Le 20 mars 2014, à la demande du commissaire à l'exécution du plan, ce tribunal a prononcé la résolution du plan pour non-respect des engagements des débiteurs et la liquidation judiciaire de la société et des garants. Le 1er juillet 2014, une cour d'appel a confirmé la résolution du plan mais infirmé le jugement sur la liquidation judiciaire et, statuant à nouveau, dit n'y avoir lieu à liquidation judiciaire. Par arrêt du 18 mai 2016, la Cour de cassation a rejeté le pourvoi contre cet arrêt (Cass. com., 18 mai 2016, n° 14-23.859 et n° 14-24.313, F-D N° Lexbase : A0881RQP).

La cour d'appel de renvoi, qui, saisie de la contestation des créances au passif de la société, avait sursis à statuer dans l'attente de l'issue du pourvoi sur la résolution du plan par arrêt du 28 janvier 2016, a, par arrêt distinct du 22 novembre 2018, constaté la péremption d'instance.

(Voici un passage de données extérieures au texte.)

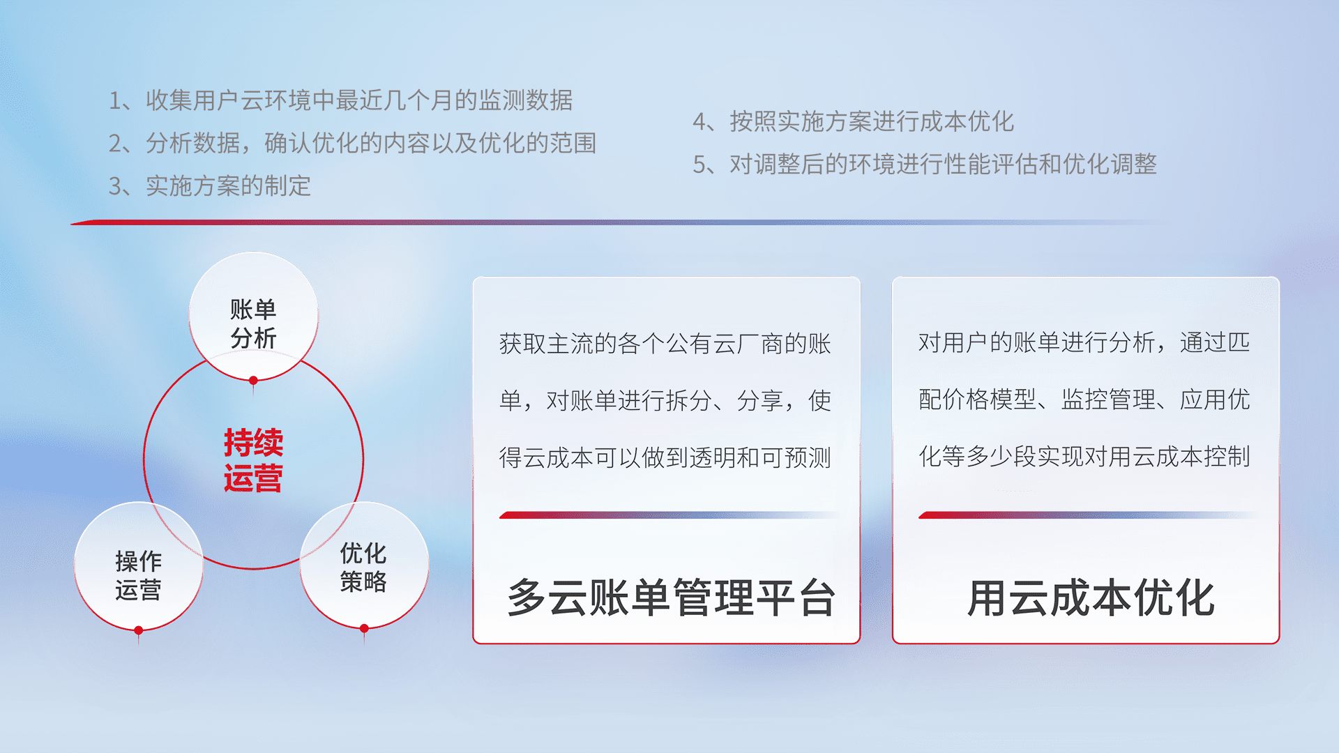 通过多云纳管,,,以统一的资源数据模型把客户的云资源进行抽象和封装,,进而实现对多云资源的统一操作,,,保障云资源管理的可靠性、、、稳定性与可用性。。。。量身定制化运维内容,,配置、、、开发运维、、补丁管理、、、、备份、、、监控、、、认证和访问管理、、审计和日常巡检等,,,保障在用云过程中的可靠度,,,稳定度以及高可用率。。

C’est dans ces conditions que, le 23 avril 2018, la banque a fait délivrer aux garants, sur le fondement de l'acte notarié du 16 décembre 2004, un commandement aux fins de saisie-vente que ceux-ci ont contesté devant un juge de l'exécution. En dernier lieu, un arrêt rendu par la cour d’appel de Montpellier a confirmé le jugement en ce qu'il a dit bon et valable le commandement aux fins de saisie-vente délivré le 23 avril 2018. Les garants ont formé un pourvoi en cassation. Contestant la régularité des déclarations de créance effectuées par la banque à leur passif en décembre 2008, ils considéraient qu’il appartenait au juge de l'exécution de se prononcer sur cette régularité, puisque les créances litigieuses fondaient les poursuites dirigées contre eux.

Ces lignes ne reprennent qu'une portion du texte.